E. GENERAL COMMENTS ON THE CORINTHIAN PASSAGES:

[1] While 1Corinthians 11-14 is focused on maintaining appropriate order in church gatherings, it is wrong to assume that these gatherings parallel a formal Sunday church services as we understand them today. Many, if not most, were house meetings. It is obvious in chapter 14 that their meetings were quite different from a normal ‘church service’ today. This makes it difficult to find any solid basis for the distinction that allows women to teach in a non-formal mixed gathering but not to preach the sermon in a formal Sunday service.

[2] The focus on enforcing 14:34,35 seems to overlook the fact that Paul gives many other instructions in these chapters, of which only those regarding the Lord’s Supper are given much attention by churches. For example, [1] the church pays very little attention to ensuring that both men and women dress in a manner that reflects the appropriate male/female relationship – even though this somehow impacts even ‘the angels’ [11:10]; [2] the church does not make actively pursuing the ‘more excellent way’ of love mandatory – even though Paul spends a whole chapter writing about it; [3] the church makes no allowance for the person preaching the sermon to be interrupted and displaced by someone else who has a ‘revelation’, or for the theological validity of what is said to be evaluated in the context of the church meeting [14:29-31] even though Paul commands both. There is a questionable selectivity and inconsistency here [and in discussions of 1Timothy 2]. This raises the question: is the strong emphasis on the key verses involved in the debate simply the agenda of people keen to advance their own interpretation of these verses rather than issuing from a sincere desire to obey the Lord?

[3] See ‘Meanings of Words’ in the second study, and ‘comments on 1Timothy 2:22-15’ below, for the meanings of the Greek words translated ‘silent’ and ‘submission’. We should be careful not to impose our common English meanings onto the Greek words.

[4] Complementarians today generally agree that women were engaged in public speaking to mixed gatherings in the NT. They differ in their understanding of which mixed gathering speaking roles are permitted to women, but agree that women are excluded from exercising ultimate authority, prohibiting only such teaching.

F. 1TIMOTHY 2:11-15

There are three points of wide disagreement about this text, not only between complementarians and egalitarians, but also among complementarians:

[1] Is Paul referring to men and women in the context of a church meeting, or is he simply talking about husbands and wives? [This question is raised because the words for ‘man’ and ‘woman’ are also the words for ‘husband’ and ‘wife’.]

[2] What does the word translated ‘usurp authority’ [KJV], ‘to have authority’ [NIV 1984] or ‘to assume authority’ [NIV 2011] mean? authentein is used only here in the Bible, and only rarely in non-biblical Greek.
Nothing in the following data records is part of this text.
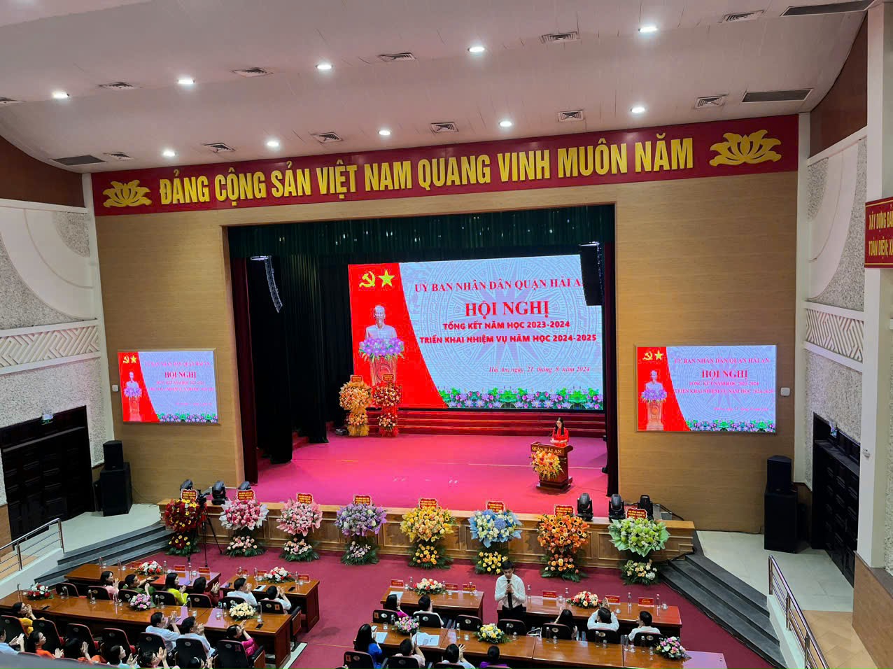 Sáng ngày 21/8, UBND quận Hải An long trọng tổ chức Hội nghị tổng kết năm học 2023-2024; triển khai nhiệm vụ năm học 2024-2025. Tới dự có các đồng chí: Phạm Quốc Hiệu – Phó giám đốc Sở Giáo dục và Đào tạo thành phố, đ/c Nguyễn Thị Thu - Ủy viên Thành ủy, Bí thư Quận ủy, đ/c Dương Đình Ổn - PBTQU, Chủ tịch UBND quận, đ/c Nguyễn Anh Tuấn – PBTTTQU, cùng các đồng chí UVBTVQU, Chủ tịch UBMTTQVN quận, trưởng các phòng, ban, đơn vị thuộc quận, lãnh đạo các phường, các nhà trường, các giáo viên, học sinh được biểu dương, khen thưởng.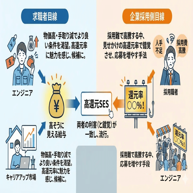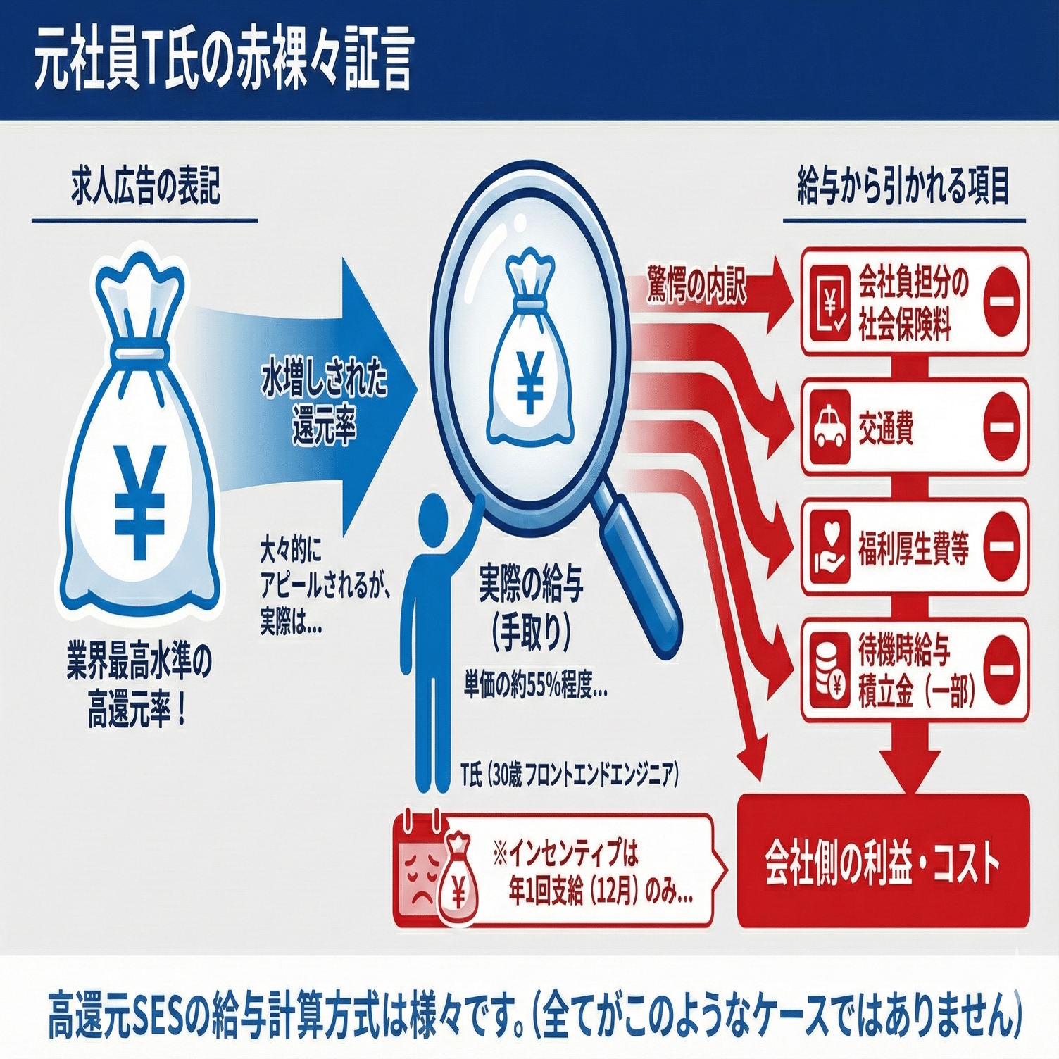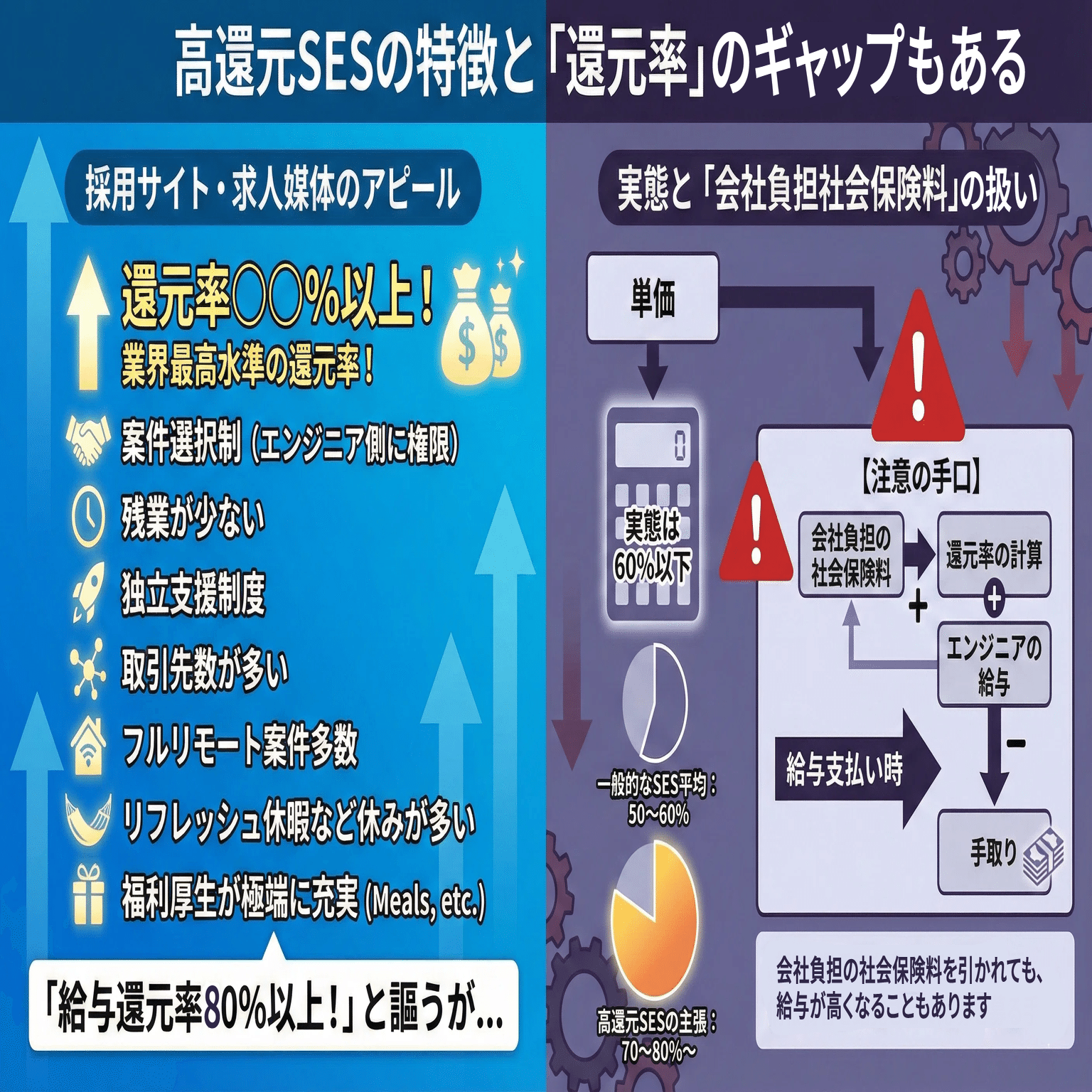 「還元率◯◯%」と聞いて「その還元率の額の給与がそのままもらえるの?」と本当に思えますか?一方で高還元SES に勤めるITエンジニアの方々は「実際は当初の還元率に比べて⼿取りが少なかった」という経験はありませんか︖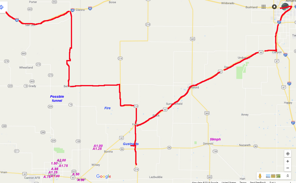 I did indeed encounter storms right along the dryline and eastward. By the time I stopped for gas in Santa Rosa, there were storms in the area, but they were high-based and looked pretty moisture-starved. I decided to stick with my plan of going after storms farther east, where the HRR was predicting stronger storms would eventually go up. As I was between Santa Rosa and Tucumcari, I could see that the storms right on the dryline were strengthening, but I could also see a new towering cumulus going up rapidly farther east, perhaps somewhere near Clovis. Soon this glaciated and another went up right next to it, and I decided this would be the storms I would go after. To intercept them, I would need to go south from San Jon, Bard, or Endee. I decided I would be too far behind the storm if I dropped south at San Jon (but that is where the road is best, so maybe I should have), and as it turns out I headed south from Endee, right near the TX state line. Here is a time-by-time account of the active phase of the chase: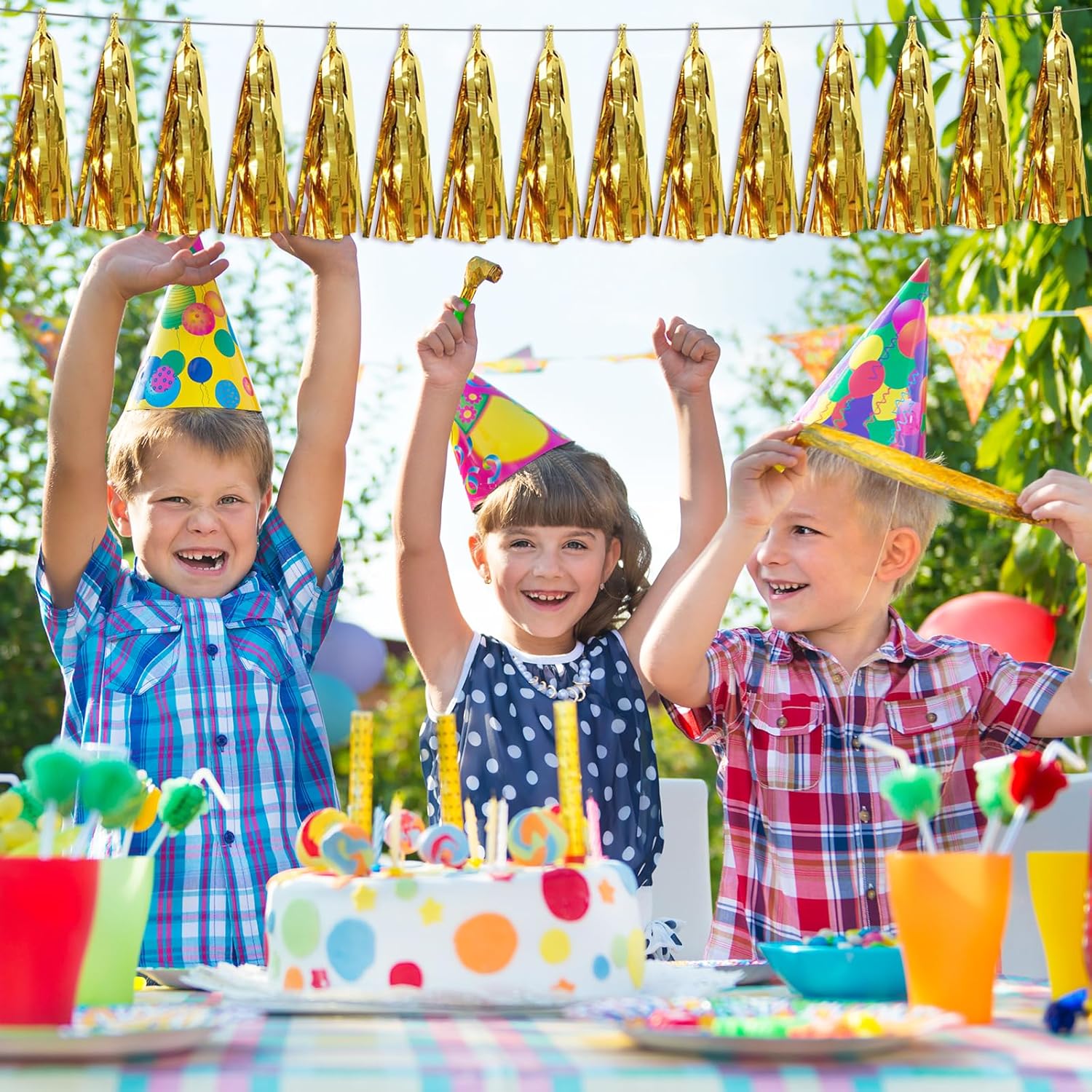 • 【Reusable Paper Material】: high-quality metallic foil tassel garlands, with the virtue of nice craftsmanship and lightweight, they are reusable and safe, and not easy to fade; They come with white ribbon for hanging, and garland tassels hang perpendicular to the string, and are adjustable to provide you with the option of spreading the tassels out or piecing them closer together.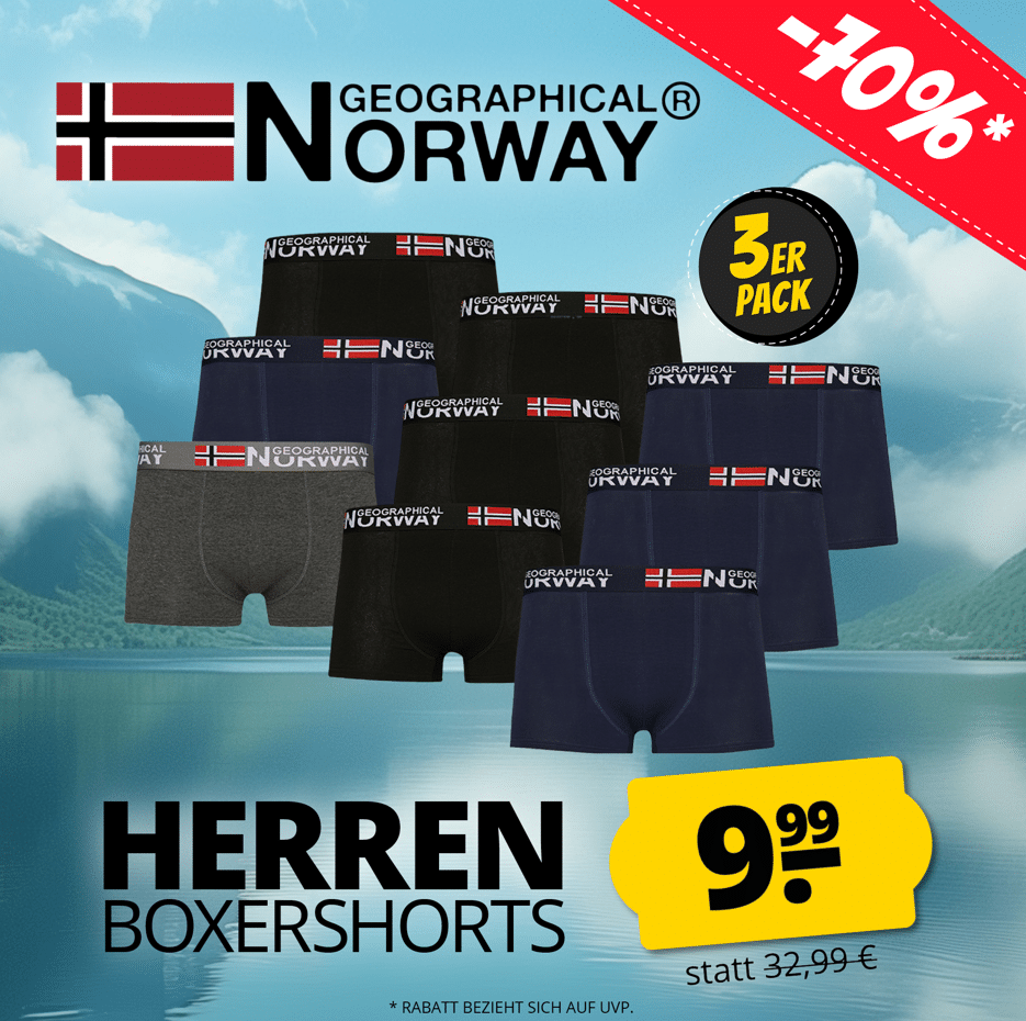 Bei SportSpar gibt es folgende Boxershorts: Geographical Norway Herren Boxershorts im 3er-Pack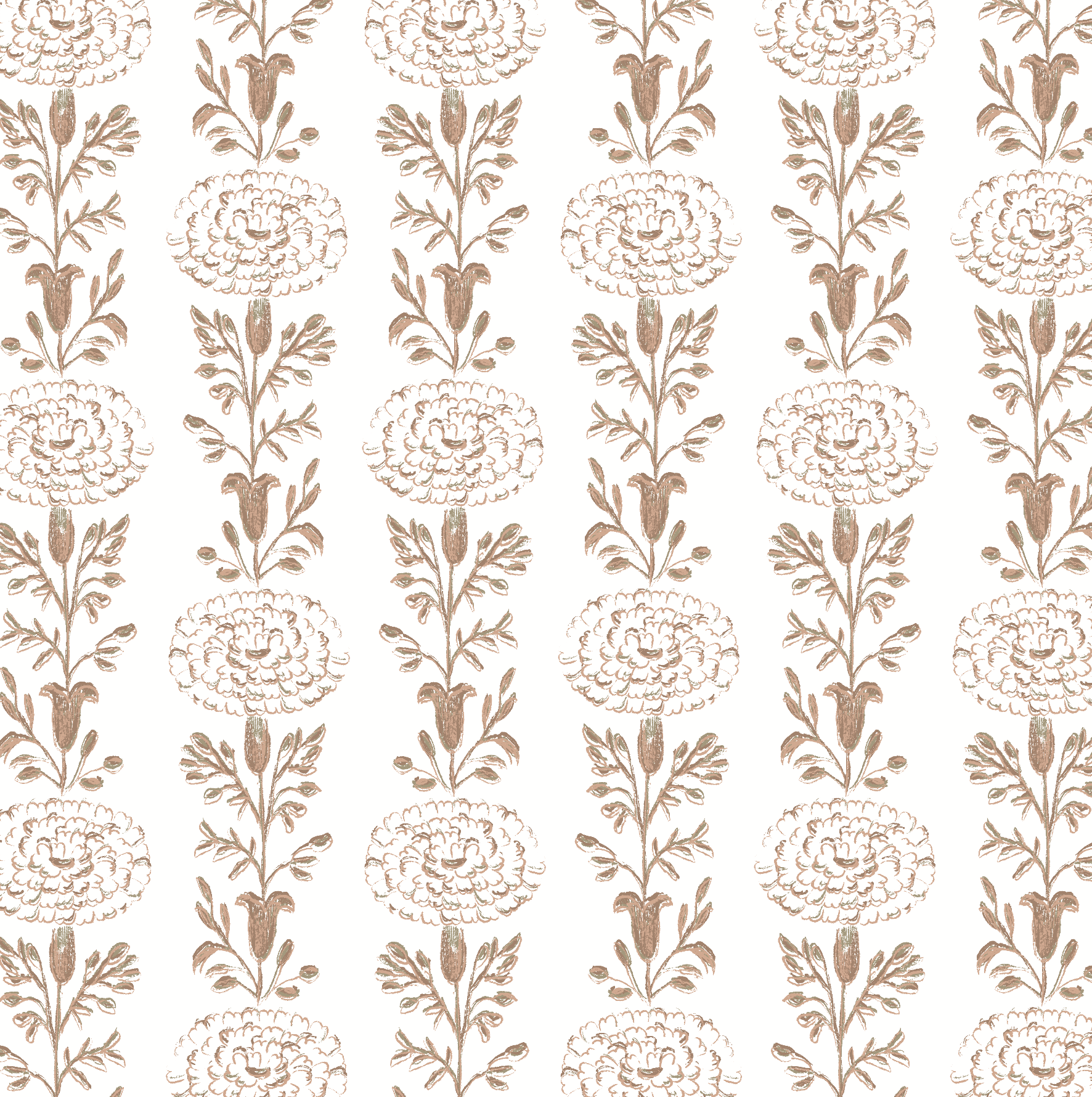 El patrón utiliza una paleta monocromática de taupe sobre un fondo blanco nítido, creando un contraste suave que aporta textura visual y luminosidad sin sobrecargar el espacio.

It is difficult, therefore, to determine its exact meaning, and what Paul’s intention was in using it here. Its usage in secular Greek up to this time included the meanings ‘commit an act of violence/murder’, ‘had my way with’, ‘dominate/domineer’, and ‘author’. The breakdown of the word is auto [a reference to self] and hentes [an obsolete word for ‘worker’]. This suggests an attitude of working/acting on one’s own initiative, instead of acting in keeping with the appropriate order and authority. It is in the far distant etymological background of our words ‘authentic’ and ‘authenticate’.

[3] Is Paul’s prohibition of women teaching and of women exercising authority over men to be understood as two separate prohibitions – both this and that, or as one prohibition that prohibits one thing: the kind of teaching that actually exercises authority over men? The Greek construction is a hendiadys. However, a hendiadys [putting two things together] usually has either two positives or two negatives. Here where Paul puts together ‘teach’ and ‘have authority over’ they are therefore either both positive or both negative actions. Bromberg, a complementarian, points out that it is difficult to see ‘teach’ as a negative, so the logical conclusion is that both are positive. This infers that it cannot mean something negative like ‘domineer’ or ‘usurp authority’. What is being prohibited is ‘authoritative teaching’. Here Dickson’s understanding of ‘teach’ in the Pastoral letters has a significant flow-on implication: if, as Dickson holds, the teaching in question is the defining and preservation of the apostolic foundations, then the teaching/authority forbidden to women is the definition and preservation of that foundation. For example: if someone in a church was teaching content that undermined the apostolic foundations [which are now preserved in the New Testament scriptures] then the male leadership, not a woman, must publically and authoritatively expose the error and reaffirm the apostolic truth to the whole church. [Note that such authoritative teaching, in this technical sense, would also be prohibited to men who were not suitably qualified and taught – see 2Timothy 2:2.]

COMPLEMENTARIAN POSITION
What Paul says here is about proper conduct in church meetings [refer to 3:15]. [Note: some complementarians say it is not about men and women in church meetings, but about husbands and wives generally.]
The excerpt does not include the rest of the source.